• **Work request**
Write the listing out again exactly as it stands, with no images.

• **Source material**
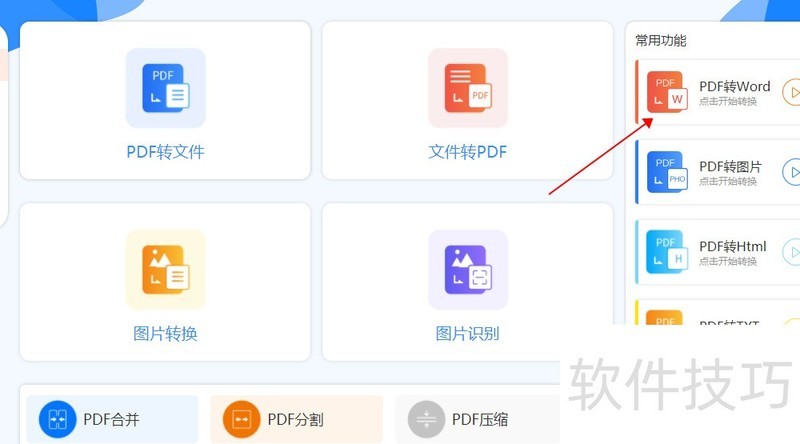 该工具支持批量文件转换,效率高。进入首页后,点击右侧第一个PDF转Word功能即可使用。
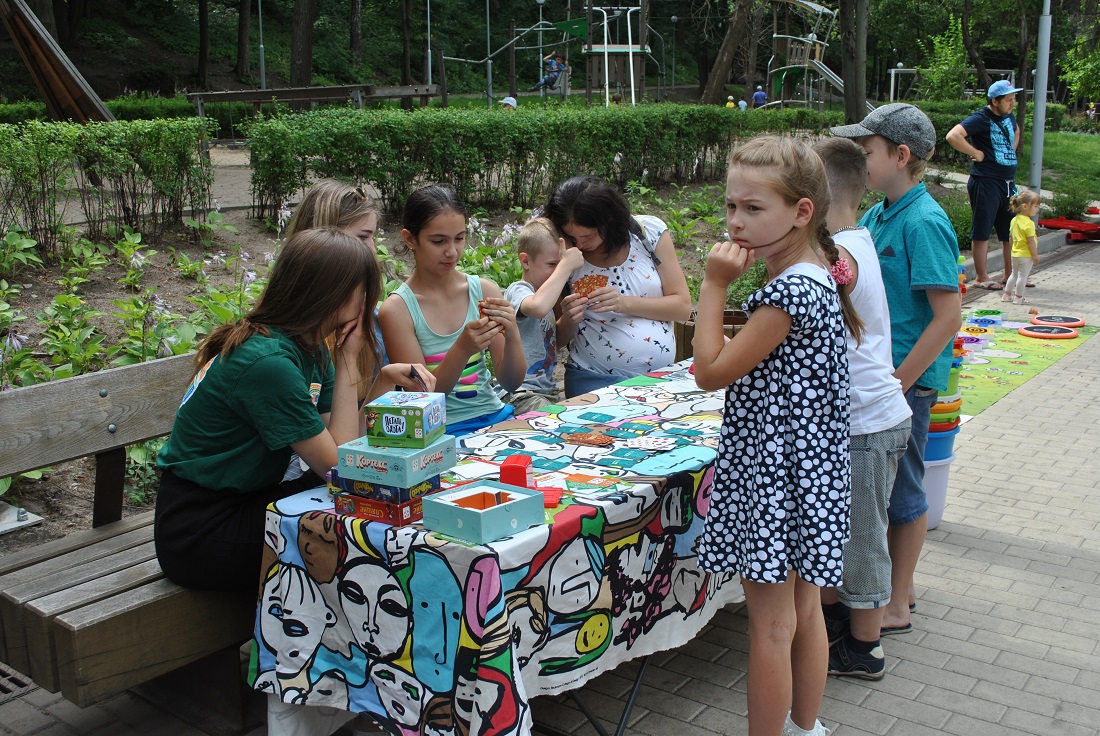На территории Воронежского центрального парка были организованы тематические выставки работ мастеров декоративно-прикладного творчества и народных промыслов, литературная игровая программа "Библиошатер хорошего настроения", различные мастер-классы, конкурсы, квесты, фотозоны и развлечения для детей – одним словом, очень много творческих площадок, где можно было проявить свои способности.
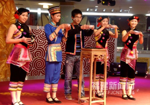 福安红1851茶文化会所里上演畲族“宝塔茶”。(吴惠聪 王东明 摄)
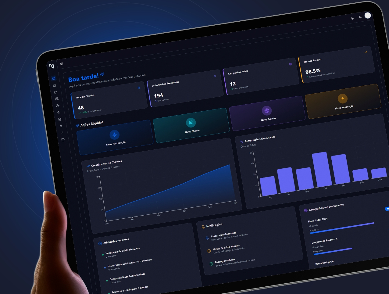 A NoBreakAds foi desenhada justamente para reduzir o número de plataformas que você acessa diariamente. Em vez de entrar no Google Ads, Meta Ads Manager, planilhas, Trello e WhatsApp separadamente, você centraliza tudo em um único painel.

• **Written answer**
 该工具支持批量文件转换,效率高。进入首页后,点击右侧第一个PDF转Word功能即可使用。
На территории Воронежского центрального парка были организованы тематические выставки работ мастеров декоративно-прикладного творчества и народных промыслов, литературная игровая программа "Библиошатер хорошего настроения", различные мастер-классы, конкурсы, квесты, фотозоны и развлечения для детей – одним словом, очень много творческих площадок, где можно было проявить свои способности.
 福安红1851茶文化会所里上演畲族“宝塔茶”。(吴惠聪 王东明 摄)
 A NoBreakAds foi desenhada justamente para reduzir o número de plataformas que você acessa diariamente. Em vez de entrar no Google Ads, Meta Ads Manager, planilhas, Trello e WhatsApp separadamente, você centraliza tudo em um único painel.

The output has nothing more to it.